Communication skills’ training covers a number of levels.  Many arguments are conducted on a logical level while ignoring the emotional communication which contains the actual conflict.  It is useful to learn how to detect when two people are interpreting the same sensory data in different ways, and what to do to at least understand each other’s interpretations.  Arguments occur often because the “movie” you watch is a different one than the one your partner is watching.  This is important, because people react emotionally based on what is interpreted.  Finding a way to arrive at the same interpretation (or at least understand that your partner’s interpretation is different than yours) often defuses conflicts based on misunderstandings.

It is also important to discuss openly what each person wants in any particular communication.  Talking about this in terms of preferences instead of demands, and letting the other person know what action you are willing to take promotes negotiation.

What starts as couples counseling often leads to recognizing the need for one or both to do individual therapy.  Some individual work can be done in couples counseling sessions, focusing on one partner for part of the time, and then on the other partner.  If the unconscious behavior is deep-seated, one or both partners would benefit by doing individual work with another therapist.

Informed Consent
You should know that therapies like cognitive/behavioral and EMDR have been well-researched, and the benefits are supported by scientific experimentation.  Some of the other approaches to therapy which I describe (and use) may be viewed as higher risk or without proven benefit.  If you choose to work with me, it is important that you understand both the risks and potential benefits, and consent to being treated by both evidence-based and non-evidence-based therapies.

I would not work with techniques that I did not think were safe and effective.  I have found that therapies that include a strong focus on a client’s self-awareness of what is happening inside the body are often more effective than talk-only therapies.  I continue to learn from others, so over time the way I do therapy has changed significantly – I expect it to continue to do so.  Each of our personalities is different, and so the way I work is not appropriate for everyone.  It is important to keep that in mind, to pay attention to whether you respond to these methods or not, and to choose your therapist accordingly.

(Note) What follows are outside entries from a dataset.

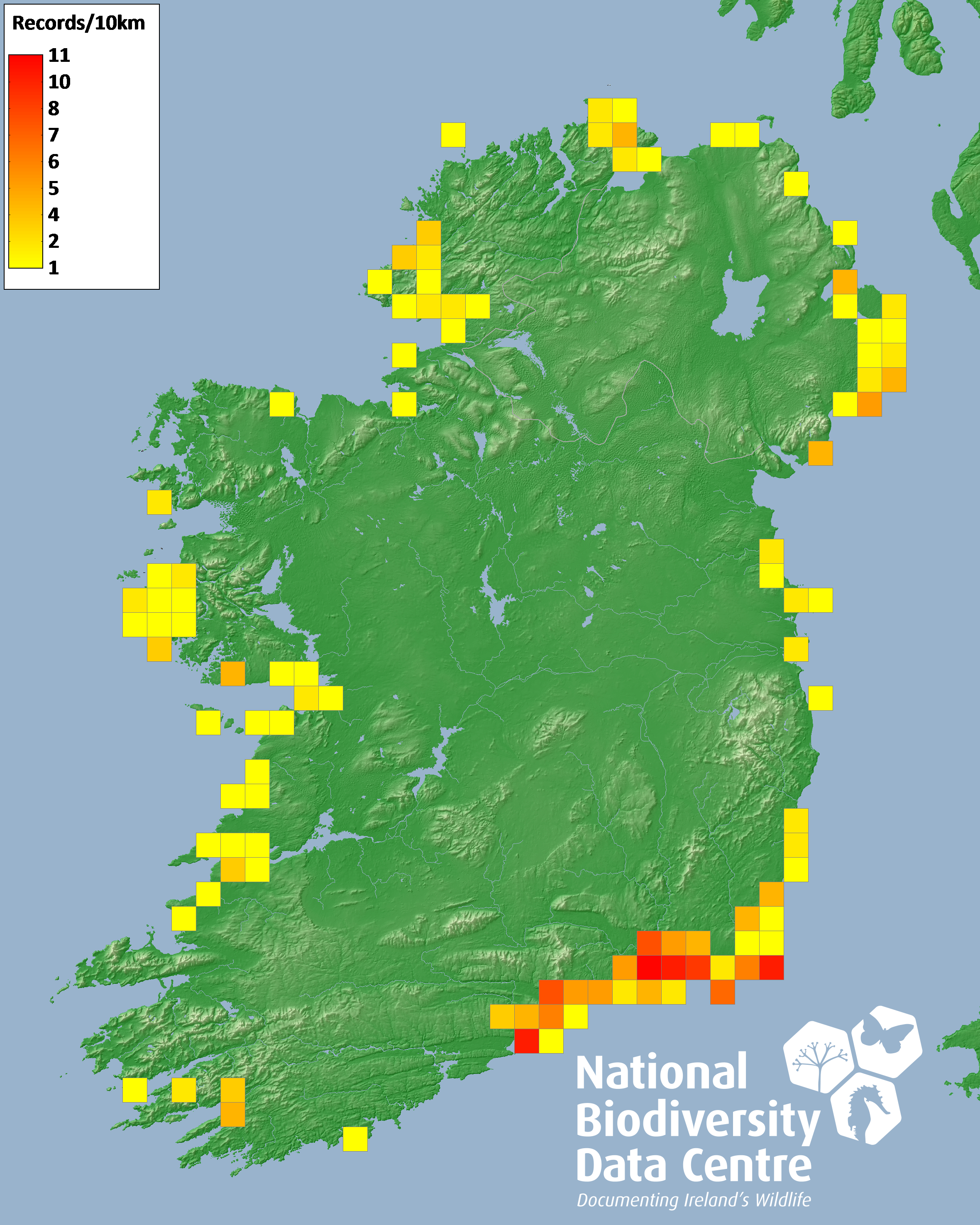 Distribution of the number of records recorded within each 10km grid square (ITM).Marine Map - 50km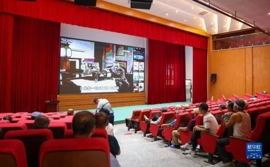 8月11日,居民在吉林省舒蘭市舒蘭三中居民安置點看電影。
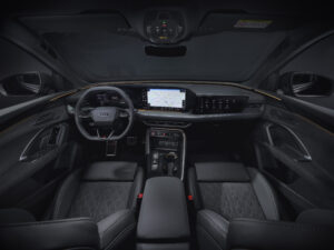 L’élément central de l’intérieur est la « scène numérique », qui est installée devant le conducteur et le passager avant sous la forme des écrans Audi MMI. Les écrans alignés sont intégrés à l’intérieur avec un ajustement parfait. L’écran panoramique Audi MMI mince et autonome présente un design incurvé dotée de la technologie OLED, et abrite le cockpit virtuel Audi de 11,9 pouces et l’écran tactile MMI de 14,5 pouces.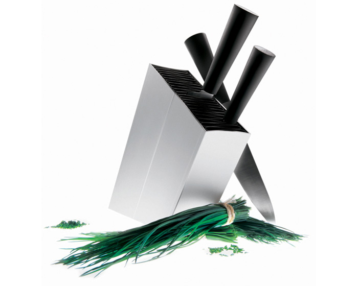 Knivblocket från Eva Solo har en flexibel veckad insats av plast som håller reda på knivar och andra redskap.

Frequently, you will know within a session or two whether we are a good fit to work together.  Sometimes it takes a few months for that to become clear.  Please know that if at any time you choose to find another therapist, I will assist you if you want referrals, and will not take it personally that something did not click between us.  I will also let you know if we find issues or patterns that I think I cannot work with effectively, and hope you know that this also is not a personal rejection or abandonment.

Summary
Doing therapy is a sensitive, vulnerable and exciting journey.  As we work together, we will meet deeply.  The relationship that develops will matter very much to me and the feedback I receive from clients is that this will likely be true for you as well.  Some clients have never been able to trust anyone, and relationship is not their goal.  With these clients, I respect that, and work with them on self-mastery.  I invite relationship without demanding it.

It is deeply healing to have a place to go where everything you say and feel is most welcome, and caring without judging or blaming is available if you choose to receive it.  Doing therapy in a process way uncovers things that continue to be a surprise.  From that deep learning, change is possible, without having to be forced.

My hope is that these words have given you a better sense of what it would be like to work together and the encouragement to pursue therapy.